L’autre en question était
restée bloquée, debout là où ils étaient arrivés, envahie par le
sentiment que quelque part quelque chose s’était détraqué et que le
tout glissait lentement vers ce qu’elle n’arrivait pas à définir
autrement que comme un beau bordel. Qu’après une très courte vie
sagement remplie de poussière d’église et lueur jaunâtre de cierge on
lui offre une existence ad eternae lui paraissait plutôt normal. Qu’on
lui demande de donner un coup de main pour faire tourner la machine au
lieu de rester âme heureuse mais attendant un peu la suite du
programme, somme toute, pourquoi pas ?
Elle avait donc accédé au
statut angelot, comparable à celui du stagiaire dans n’importe quelle
boite : considéré généralement comme aussi utile qu’un hérisson à trois
pattes sauf quand il s’agit de dénicher un café correct en moins de
trois minutes, personne ne perd jamais la moindre seconde à lui
expliquer quoi que ce soit mais on ne l’empêchera pas non plus de
farfouiller, jusqu’à ce qu’il soit engagé à l’essai, au grand
étonnement de tous –étonnement qui ne dure généralement que trois
minutes, le temps du premier verre au pot de bienvenue. Mais elle
aimait ça, la débrouille, et au bout de deux cycles, on l’avait
propulsée au niveau du dessus, avec une petite note de service qui
disait : Bonne mémoire, douée pour les papiers. Et griffonné dans la
case recommandations par le chef de service: croyante convaincue mais
quelque chose de rare- déconnez pas les gars et laissez-la dans un
bureau, le plus loin possible des archanges et de leurs conneries.
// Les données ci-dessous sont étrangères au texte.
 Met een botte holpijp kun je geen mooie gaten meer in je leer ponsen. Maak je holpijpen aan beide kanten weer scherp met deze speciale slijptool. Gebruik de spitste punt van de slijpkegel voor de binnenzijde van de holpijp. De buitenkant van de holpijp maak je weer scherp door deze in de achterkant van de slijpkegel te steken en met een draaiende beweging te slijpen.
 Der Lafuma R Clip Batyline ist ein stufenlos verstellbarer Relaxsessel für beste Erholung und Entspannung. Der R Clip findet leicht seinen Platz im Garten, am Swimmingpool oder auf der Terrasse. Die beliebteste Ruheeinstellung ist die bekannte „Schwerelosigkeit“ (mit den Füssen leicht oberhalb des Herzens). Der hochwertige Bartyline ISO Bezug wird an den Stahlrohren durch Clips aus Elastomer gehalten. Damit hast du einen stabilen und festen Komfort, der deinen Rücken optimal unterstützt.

Petit papier qui, en bonne note de service importante, trouva le moyen
de s’égarer entre deux dimensions bureaucratiques de passage.
De
l’avis de la fraîchement promue, c’était d’ailleurs à partir de ladite
promotion que les choses avaient commencé à jouer aux chaises
musicales. Finie l’ambiance presque amicale du local 13, direction :
bureau 42. Et sans les petits fours. Armée seulement de la dérogation
qu’on lui avait transmise, elle y pénétra en tremblant légèrement,
s’attendant à tomber dans une salle immense à l’agitation studieuse de
tout un tas de gens très importants, et… enfin quelque chose, quoi !
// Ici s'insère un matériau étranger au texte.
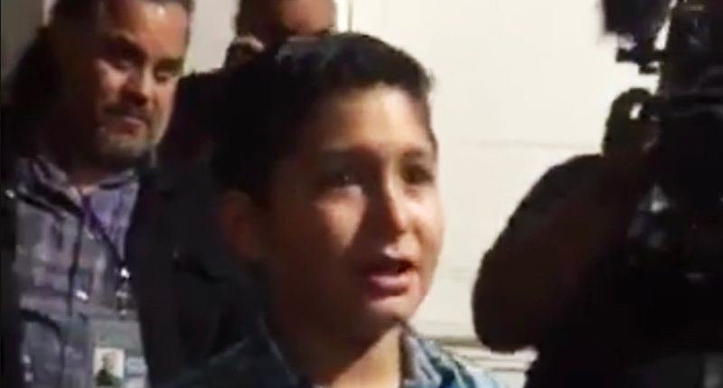 Twelve-year-old Joseph Moreno successfully debated a supporter of Donald Trump outside of a city council meeting in Huntington Park, California (screengrab)

Les portes massives toutes de marbres et d’argent provoquent souvent ce
genre de réactions. Les salles de huit mètres carrés contenant
uniquement une petite porte au fond et au milieu un petit bureau occupé
par un petit bureaucrate ne payant pas de mine que l’on trouve
généralement derrière ne sont qu’une preuve de plus qu’on ne peut pas
faire confiance aux portes.
Mais ce qui gêna le plus Agnès
ne fut pas tant la porte en elle-même que l’homme qu’elle renfermait.
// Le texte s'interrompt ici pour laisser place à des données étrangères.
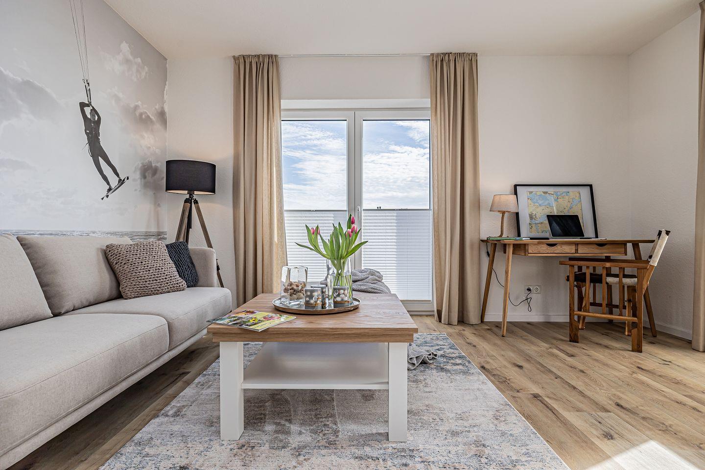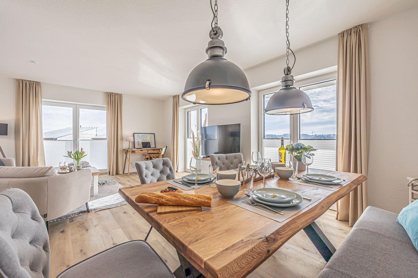 Mit direktem Wasserblick und in einzigartiger Lage direkt an der Schlei bietet die „Schlei-Koje 5“ am Pionierhafen Schleswig den perfekten Ort für Ihren Urlaub. Die Ferienwohnung bietet auf 74m² im 1. OG. Einen offenen Wohn- und Essbereich mit Küche, zwei Schlafzimmer, ein Badezimmer und einen Balkon. Die vollausgestattete Küche lässt keine Wünsche offen und im Wohnzimmer können Sie Ihre Urlaubstage auf dem Sofa vor dem Smart-TV ausklingen lassen. Das eine Schlafzimmer bietet ein gemütliches Doppelbett (180x200cm) sowie Verdunklungsmöglichkeiten für erholsame Nächte. Das andere Schlafzimmer verfügt über zwei Einzelbetten (je 90x200cm) und Verdunklungsmöglichkeiten. In dem Badezimmer finden Sie einen Föhn und eine Dusche vor sowie WC und Waschbecken. Auf dem Balkon können Sie sich entspannen und an lauen Abenden Ihre Urlaubstage ausklingen lassen. Ein eigener Parkplatz steht Ihnen direkt vor dem Haus zur Verfügung. Ihre Fahrräder können Sie im offenen gemeinschaftlich genutzten Fahrradraum unterstellen. Im Erdgeschoss steht eine Waschmaschine zur gemeinschaftlichen Nutzung kostenfrei für Sie zur Verfügung. Am Pionierhafen wird Wert auf Nachhaltigkeit gelegt, daher wird 77 % der Energie durch Erdwärme bezogen. Durch die einzigartige Lage am Ostseefjord Schlei kann auch ein Boot mitgebracht und auf einem Liegeplatz gegen Gebühr direkt am Pionierhafen angelegt werden. Bitte sprechen Sie uns hierfür an.

Il lui sembla qu’il n’était pas exactement ce qu’elle voyait, la
surface clamant air jeune, ami, libre comme l’air quand un
je-ne-sais-quoi en lui pourtant tentait de hurler l’exact opposé. Les
yeux baissés, il écrivait quelque chose sur un feuillet jaune. Agnès
s’était avancée et, n’obtenant aucune réaction, avait déposé sa
dérogation sur le haut d’une des piles du bureau. Sans même lever les
yeux, l’autre s’était saisit de la feuille, l’avait parcouru et faisant
une grimace, avait balancé le feuillet jaune dans un tiroir, pour en
sortir une feuille rose qu'il avait déposée à la place de la dérogation
après l’avoir soigneusement remplie et s’était plongé, sourcils
froncés, dans la lecture d’un nouveau circulaire qui semblait s’être
soudain matérialisé. Agnès avait jeté un coup d’œil à la feuille rose
et n’avait pas été tellement surprise de n’y rien comprendre. Elle
avait attendu patiemment mais il semblait évident que, pour son
vis-à-vis, le sujet était clos. Après un petit moment
d’hésitation, elle avait quand même finit par demander :
"Et maintenant, je suis censée faire quoi ?"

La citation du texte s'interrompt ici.